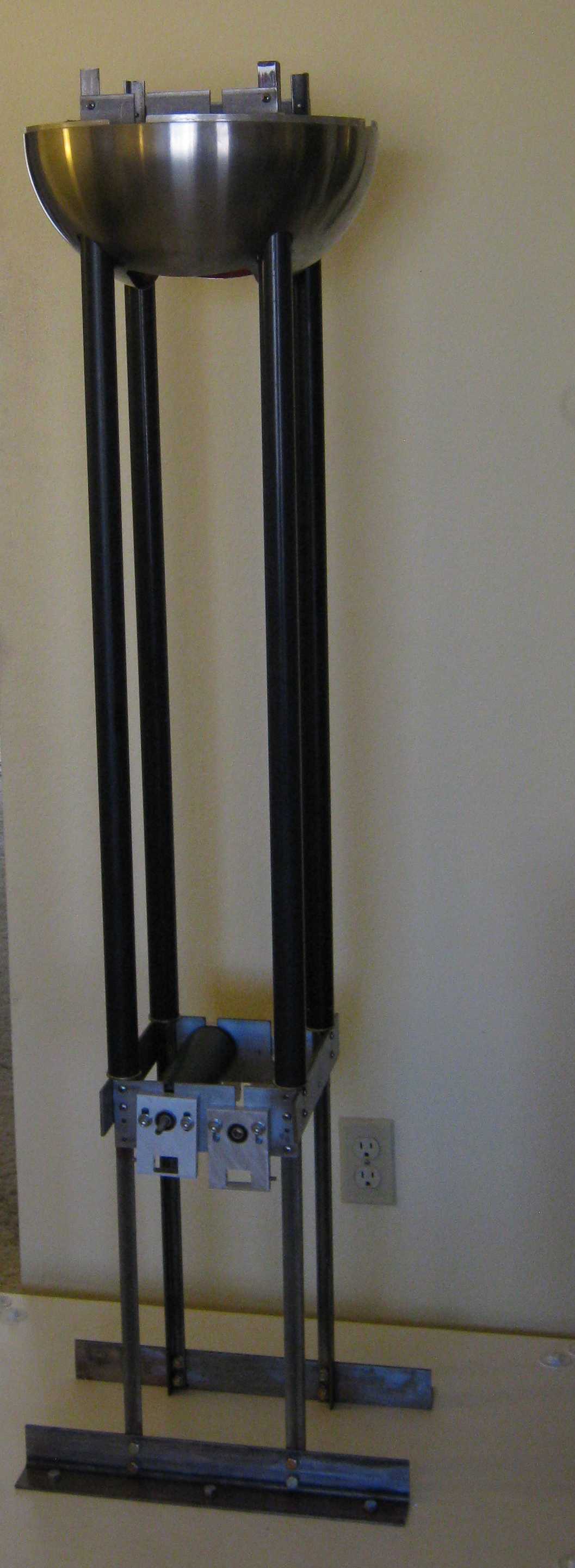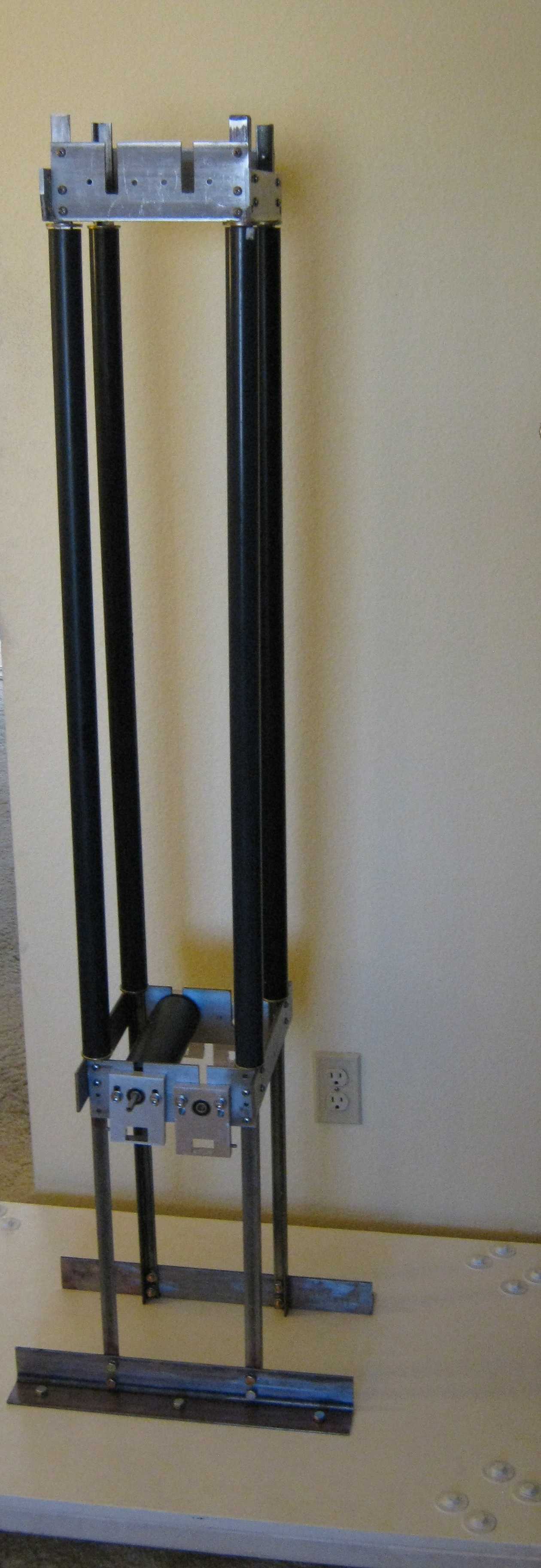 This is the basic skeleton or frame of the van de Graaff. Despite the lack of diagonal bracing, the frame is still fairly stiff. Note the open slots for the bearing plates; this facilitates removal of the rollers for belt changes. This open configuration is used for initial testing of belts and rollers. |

==

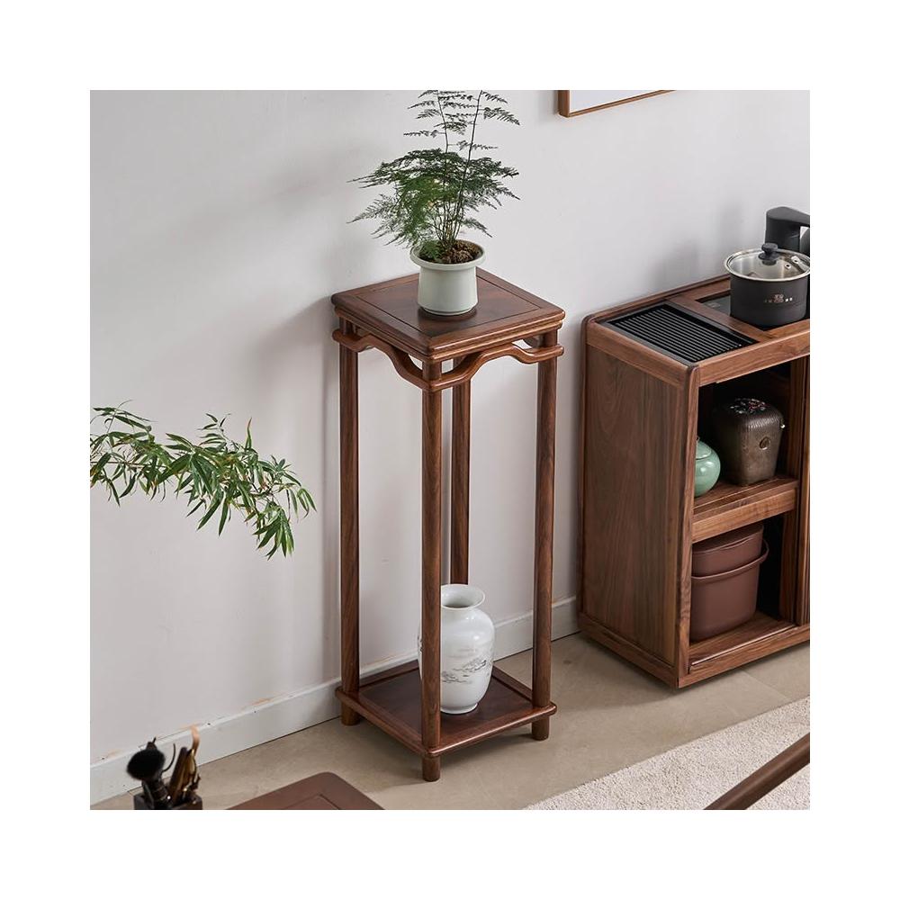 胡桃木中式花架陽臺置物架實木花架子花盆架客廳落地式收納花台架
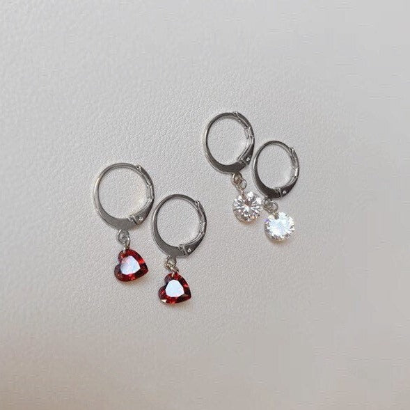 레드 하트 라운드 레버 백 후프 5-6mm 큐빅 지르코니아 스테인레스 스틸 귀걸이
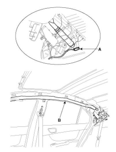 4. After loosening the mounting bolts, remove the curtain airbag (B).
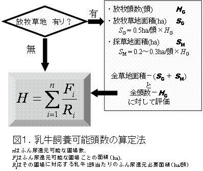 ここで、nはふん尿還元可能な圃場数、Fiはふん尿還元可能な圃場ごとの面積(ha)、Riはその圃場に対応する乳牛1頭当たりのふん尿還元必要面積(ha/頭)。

---

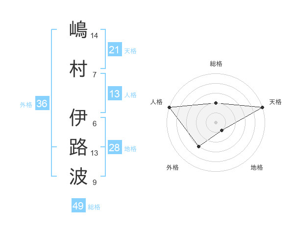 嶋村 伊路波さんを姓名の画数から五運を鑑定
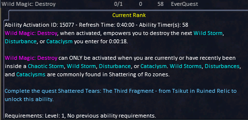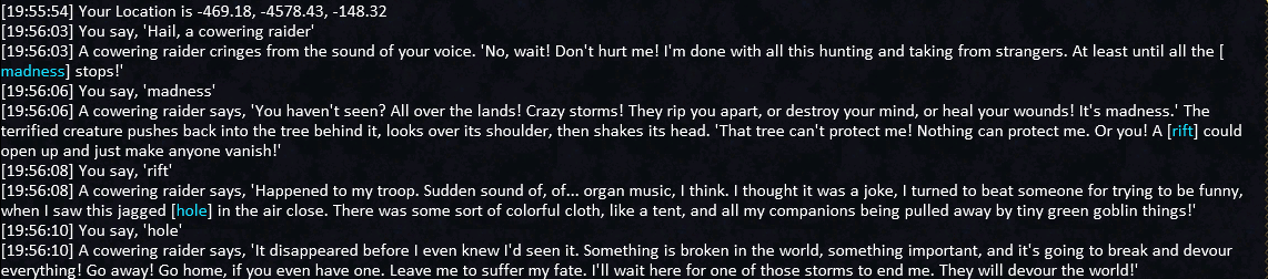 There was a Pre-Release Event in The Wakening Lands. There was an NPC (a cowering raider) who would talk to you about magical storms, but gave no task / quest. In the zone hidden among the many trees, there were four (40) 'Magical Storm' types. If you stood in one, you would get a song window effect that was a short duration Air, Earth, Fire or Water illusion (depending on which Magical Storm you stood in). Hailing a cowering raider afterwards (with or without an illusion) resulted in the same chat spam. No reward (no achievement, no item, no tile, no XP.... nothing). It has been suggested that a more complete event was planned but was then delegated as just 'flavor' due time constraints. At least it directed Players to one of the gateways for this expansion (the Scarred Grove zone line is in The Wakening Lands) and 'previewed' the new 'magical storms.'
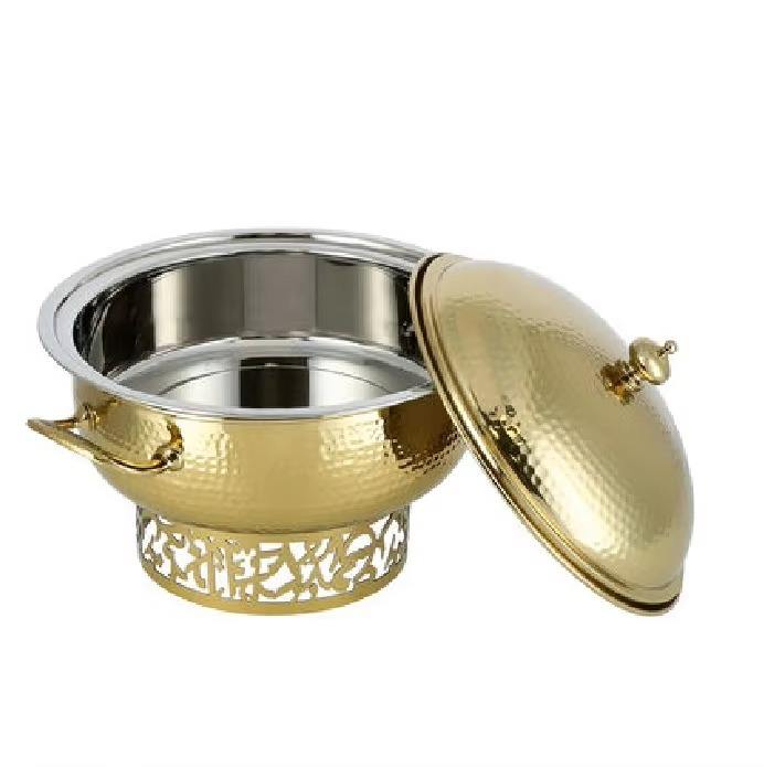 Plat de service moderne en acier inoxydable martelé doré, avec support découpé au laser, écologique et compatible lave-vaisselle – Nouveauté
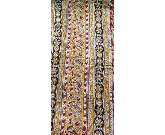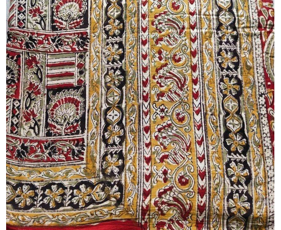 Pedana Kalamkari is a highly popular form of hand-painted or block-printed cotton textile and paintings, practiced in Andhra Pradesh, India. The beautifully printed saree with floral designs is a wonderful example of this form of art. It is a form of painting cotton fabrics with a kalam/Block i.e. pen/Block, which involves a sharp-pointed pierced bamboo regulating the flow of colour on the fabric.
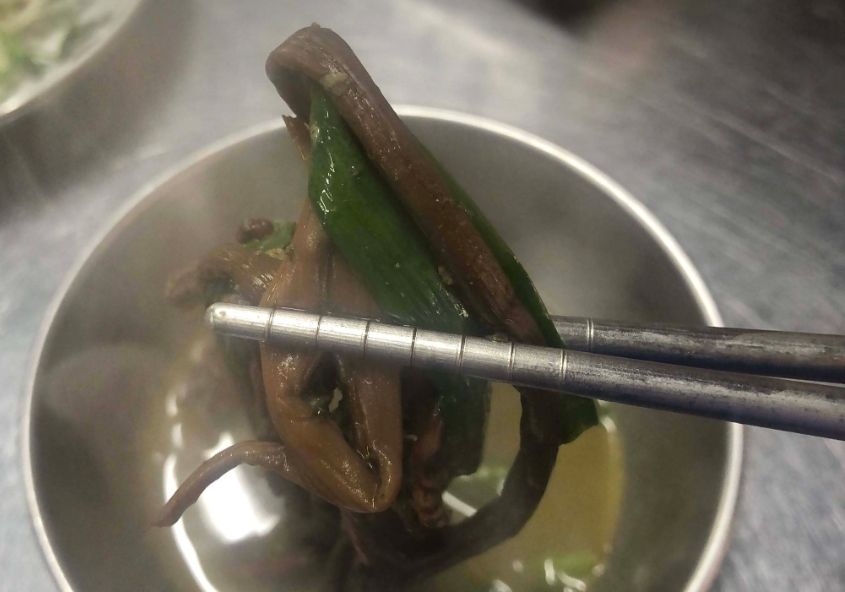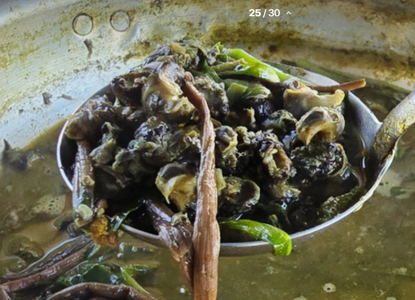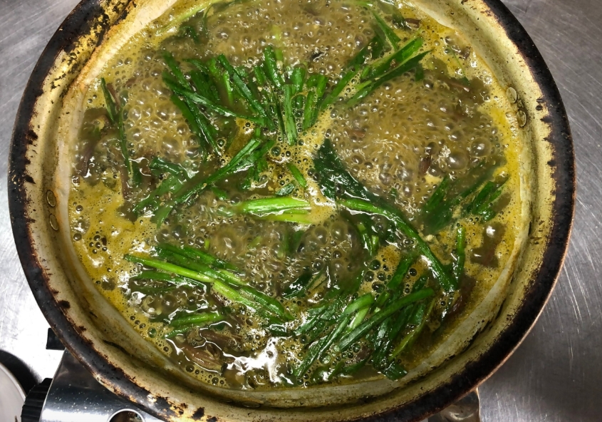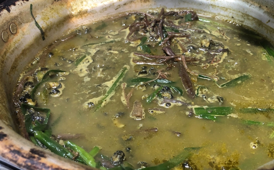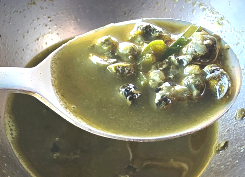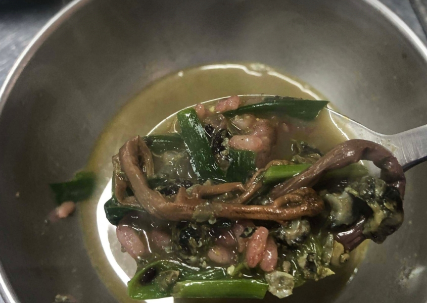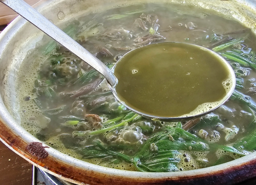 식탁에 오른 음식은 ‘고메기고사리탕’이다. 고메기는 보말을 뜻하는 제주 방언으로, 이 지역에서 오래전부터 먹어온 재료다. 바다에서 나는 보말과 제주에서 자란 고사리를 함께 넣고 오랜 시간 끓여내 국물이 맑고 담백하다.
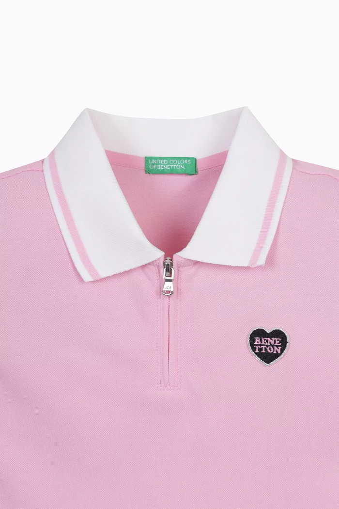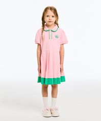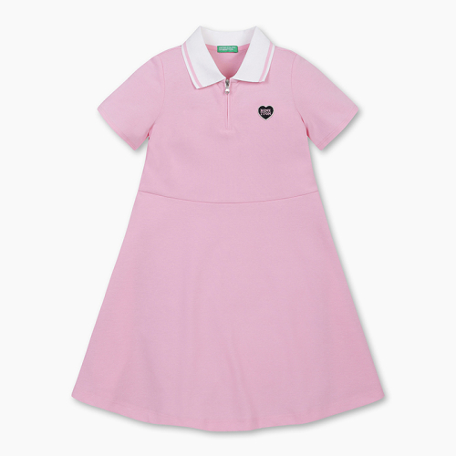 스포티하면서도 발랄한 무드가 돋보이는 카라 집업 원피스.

• **WHAT YOU SHOULD DO**:
Range to print from the listing above: from the line with "4. After loosening" up to and including the line with "ここで、nはふん尿還元可能な". Please print those lines exactly, with no pictures and nothing more.

• **EXERCISE SOLUTION**:
 4. After loosening the mounting bolts, remove the curtain airbag (B).
 ここで、nはふん尿還元可能な圃場数、Fiはふん尿還元可能な圃場ごとの面積(ha)、Riはその圃場に対応する乳牛1頭当たりのふん尿還元必要面積(ha/頭)。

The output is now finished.